Bridge Chin State, Myanmar

Kapteel Bridge (Zomi: Kapteel Guun Lei) is a bridge in Tedim Township, Chin State, Myanmar and opened on April 25, 2002. Kapteel Bridge is a suspension bridge across Manipur River in Chin State (Zogam).

The bridge is 480 ft long and 10 ft 9 in wide. The bridge is on Tedim - Kapteel - Rih Lake motor road. Its clearance is 350 ft wide and 20 ft high, and it can bear three tons of load.
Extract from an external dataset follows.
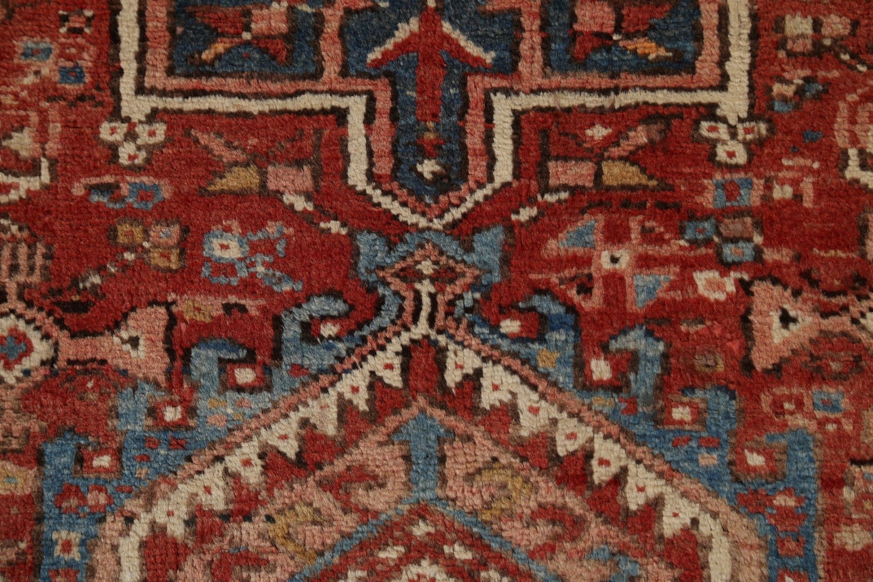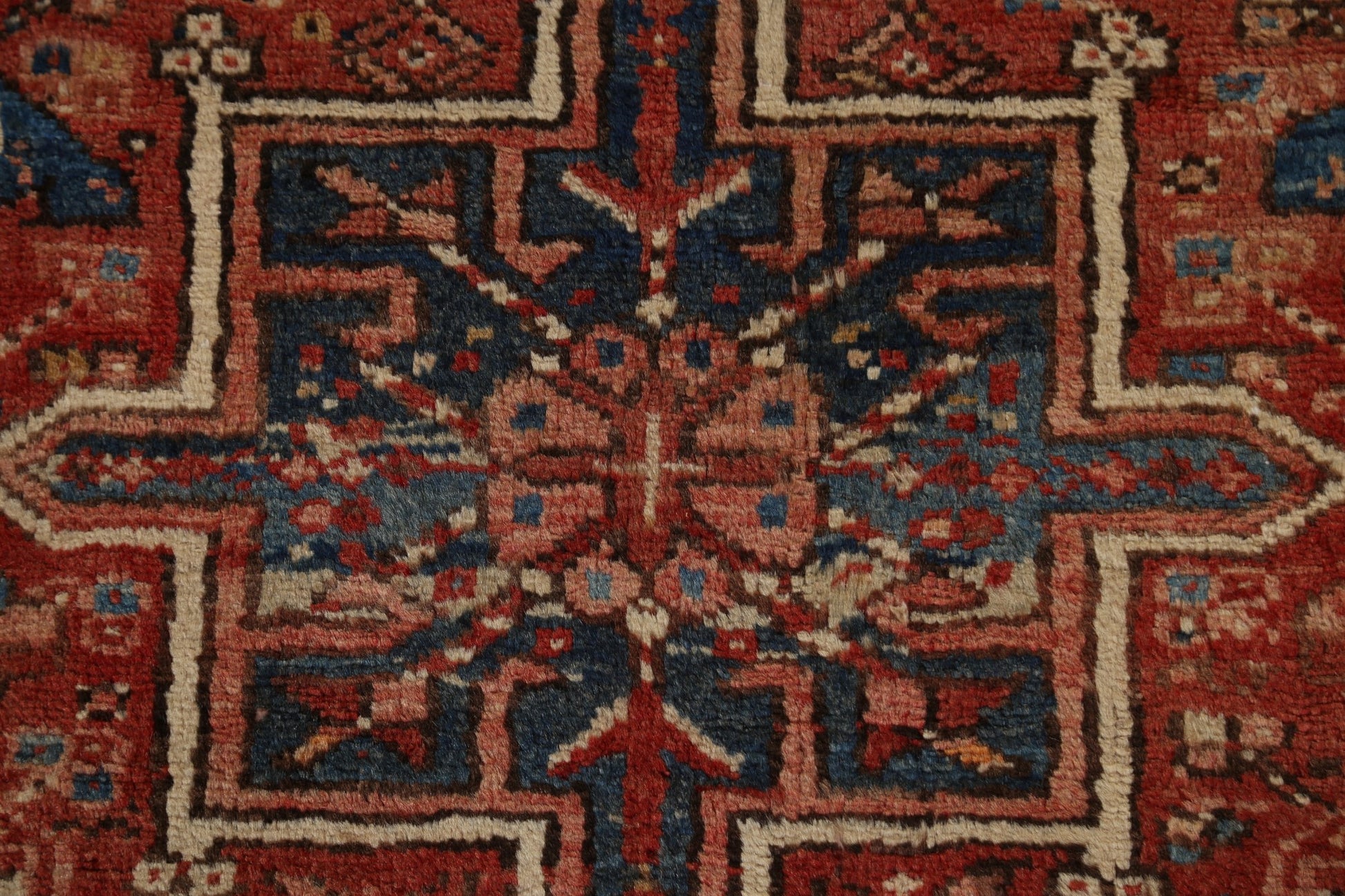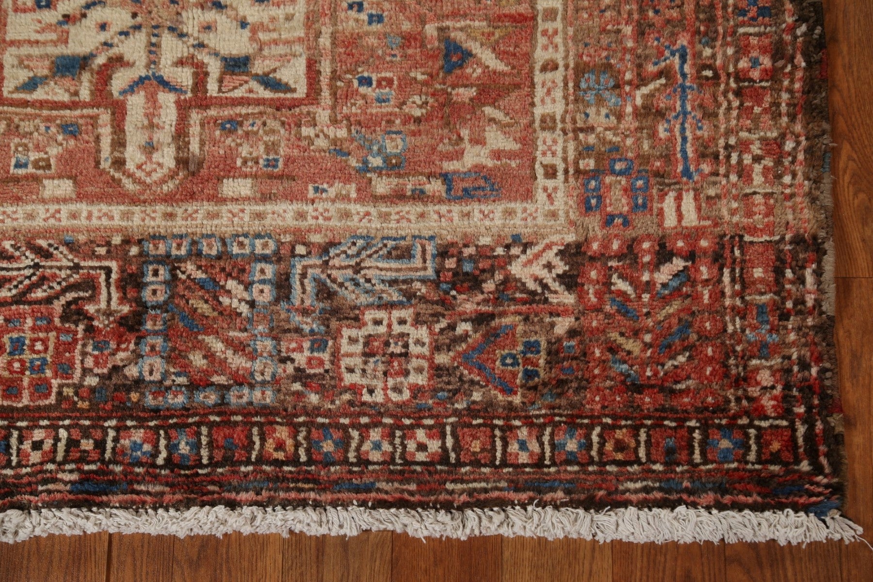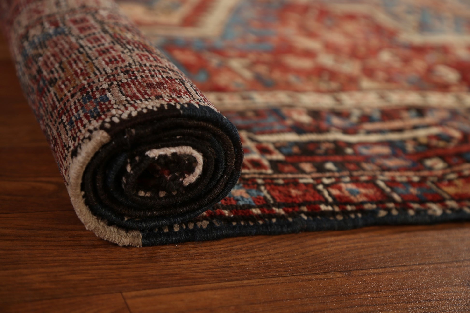 A Beautiful Genuine Persia ( Persia ) Gharajeh rug is Hand Knotted by skillful weavers in Persia ( Persia ) with 100% Wool Material. This rug is in Very Good (Faded Color) condition. dimensions are 13' 11'' X 3' 6'' in foot and 424 X 107 in centimeter. the primary color is Red.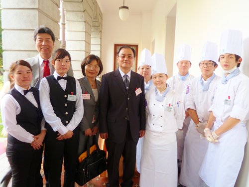 近幾年由中華文化總會舉辦的「新春文薈」,餐點皆是由經國管理暨健康學院所承辦,照片中為玫瑰鹽燈陳淑芬與經國學院董事長蔣初泰、校長邱明源教授(中)與學生們。

The bridge was built by Deputy Superintending Engineer U San Win.

==Opening ceremony==
The bridge opening ceremony was held at the central pandal of the bridge on April 25, 2002. The opening ceremony was attended by Chairman of Sagaing Division Peace and Development Council Commander of North-West Command Brig-Gen Soe Naing, Minister for Construction Maj-Gen Saw Tun, Brig-Gen Khin Maung Aye of Kalay Station, Deputy Minister for Construction Brig-Gen Myint Thein, officials of the ministry, state/district/township level departmental officials, members of the Union Solidarity and Development Association, Maternal and Child Welfare Association, Red Cross Society and Social Organization, and local people, totalling 2,200.